啊!原來是雷鐵山救了我,接着我左腳也給人抓住,只聽表哥叫道:“來!再來一個,把我表弟拽上來!”

大地仍在顫抖着,泥沙沿着井壁落入井中,更有不少掉在我頭上臉上,弄得滿鼻滿臉都是沙子。我身子倒仰在井中,雙手在半空中不住的搖擺。直到這時,我纔敢稍稍睜開眼睛,打量眼前的環境,也就是這一眼,我只覺身上的血,一下涼到了腦瓜頂,原本慄懼的心又似給人擰了一把一般,揪得都陣陣疼痛。

黑呼呼的井深處,象是一頭張開巨口的怪獸,而那昏黃的井水如同怪獸的舌頭一般,似是隨時都會撲上來,一口將我這個點心似的人兒吞下。由於害怕緊張,我竟不敢有稍稍眨眼的懈怠,生怕在雙目交睫的工夫,這條小命便就此交待了。

不知在什麼時候,昏黃的井水竟起了變化,在我覺得,這肯定與地震有關,此時,井水竟如同開了鍋一樣,“嘩嘩譁”地沸騰翻滾着,竟然一點點的向下落去,我心中卻不住暗叫,這是錯覺,這是錯覺,一定是表哥等人將我拽起來弄的。

只是,眼前的一幕,卻讓我相信,這不是錯覺,因爲我看到,在井水翻騰的剎那,我看到一具金燦燦的屍體,隨着昏黃的水流浮起,紅紅的死死的雙眼中竟是蓄滿詭異恐怖的獰笑。這種獰笑是貪婪恐怖的,我被嚇的不由得“啊——”的一聲,叫出聲了。也就在此時,水流一翻那具屍立時不見了。

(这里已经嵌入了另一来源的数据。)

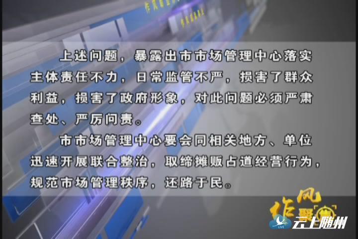 对上述违规问题,市干部作风能力“提升工程”暗访组已责令市市场管理中心深入调查。

“瞎叫喚什麼!這就上來了!”在表哥的說話中,我身子一飄,竟離開井口,就在我大喜過望的時候,

我只覺抓住我腳踝的幾隻手,全都一下子鬆開了,在我一聲驚叫聲中,身子急向井中墜去。我暗叫一聲,這回是真完了。

可那知奇異的事情發生了,就在我尚沒落入井中的時候,只覺眼前已是昏黃一片,一股猛烈的井水夾着陣陣腥臭的味道,由井口躥出,直噴的我身上臉上溼淋淋的。與此同時,我的頭一陣暈眩,巨痛之下腦袋重重撞在泥水中,而讓我體會最深的,卻是而身下的沙地,竟又強烈的抖動抽搐起來。

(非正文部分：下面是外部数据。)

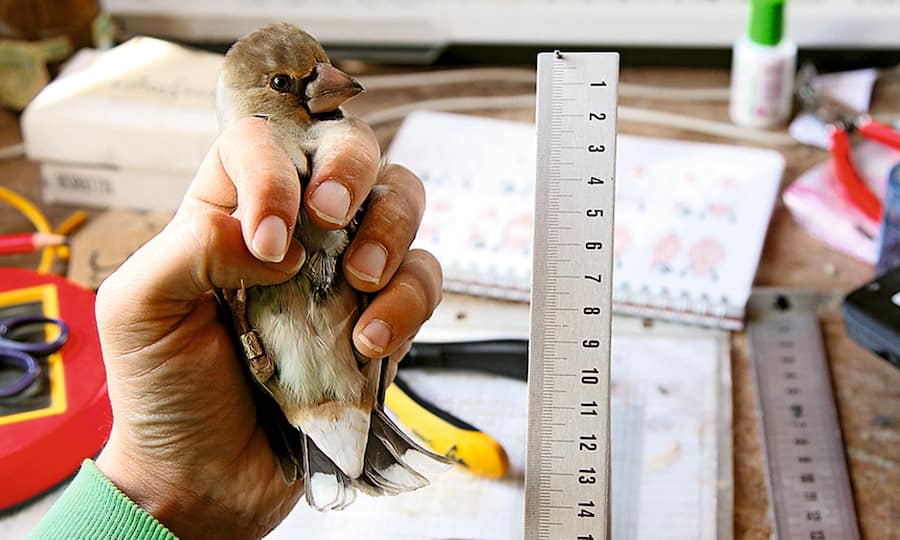 Jeder Vogel wird mit einer Nummer beringt. So kann man die Reisen der Vögel verfolgen und beobachten, wie sich der herbstliche Zug verändert. Es gibt Vogelarten, die fliegen heute später los als noch vor ein paar Jahrzehnten. Andere fliegen weniger weit. Wieder andere überqueren die Alpen gar nicht mehr, weil sie im Winter auch bei uns Nahrung finden.
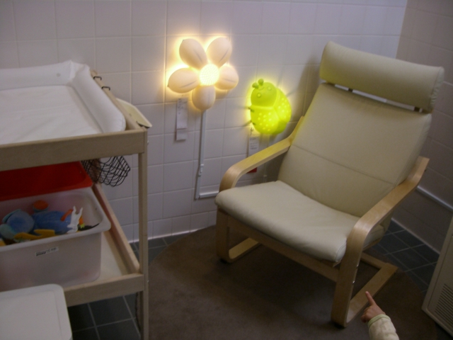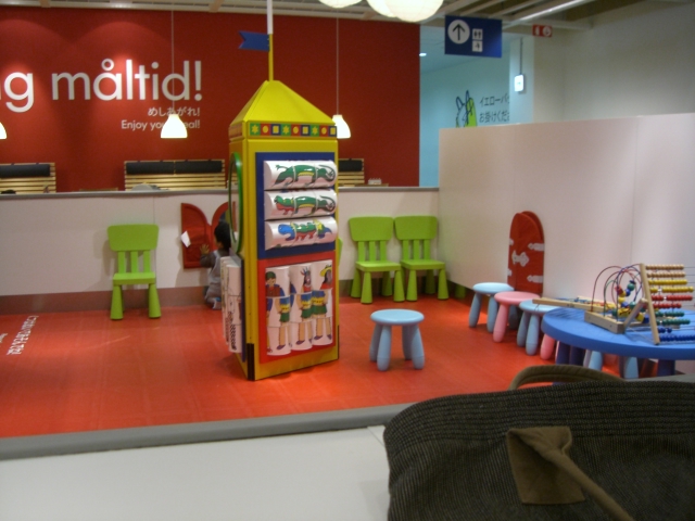 ここでは、子供たちがうじゃうじゃと、ミニサイズのソファに腰掛けたり、かわいいスタンドをつけたり消したり、滑り台をすべってみたりと盛り上がっております。でもここだけなんだよな~。子供の気を引けるとこ。ここでやっと、ほっとできる親たち。

我抹去眼前的水漬,眼前詭異的一慕,讓我心神立時一震,也不理什麼地動不動了,只“媽呀!”一聲怪叫,連滾帶爬的向後退去,卻不意一下與正要站起來的表哥、老鐵跌作一團。原來黑洞洞的井口,此時僅有半尺有餘,一個一米多寬井口,眨眼功夫,竟縮的如此小。而地面上丈許方圓,全部是溼淋淋泥水一片,還好這是沙漠,一井的臭水,竟全給沙子滲盡。

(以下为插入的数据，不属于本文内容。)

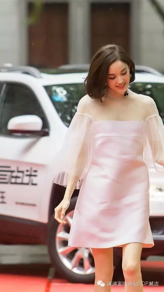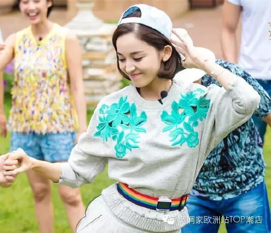 娜扎的连衣裙腰部起印有绿粉色印花,裙摆别出心裁的依据花瓣走势裁剪,活泼精妙,别出新意。爽妹子一身清新干练,只是略显但单板,青春的气息可不要被遮掩啊。

我們幾人正在駭然,就在這時,身下沙地上的顫動忽然停止了,四外一片四寂,直這現在我才發現,所謂的地震只是我們腳下三四丈的範圍,而在這個範圍以外,所有的破房斷壁,卻沒有半點損傷與改變,有的只是騰騰的塵埃,原來剛纔的井臺碎裂,是由這個古怪的地震破壞的。

我們幾人再不敢出一點聲音,我輕輕推了表哥與老鐵一下,示意他倆趕快站起來。只是他們並沒理我,竟大瞪着一雙眼睛,冷冷地注視着那口怪井,臉上全是恐怖驚駭的神情。

我見二人這個表情,知道他倆已給嚇懵,心上立即一陣火起,這個時候還留在這兒,這不——這不純屬於嘬死嗎!我一下從地上爬起向二人踢了兩腳,兩人這才如夢方醒,大叫一聲,也一軲轆身從地上爬起,竟直向原路奔去,這時老孫叫了一聲道:“要走一起走嗎!”說着拉着伊利老人快步跑了下去。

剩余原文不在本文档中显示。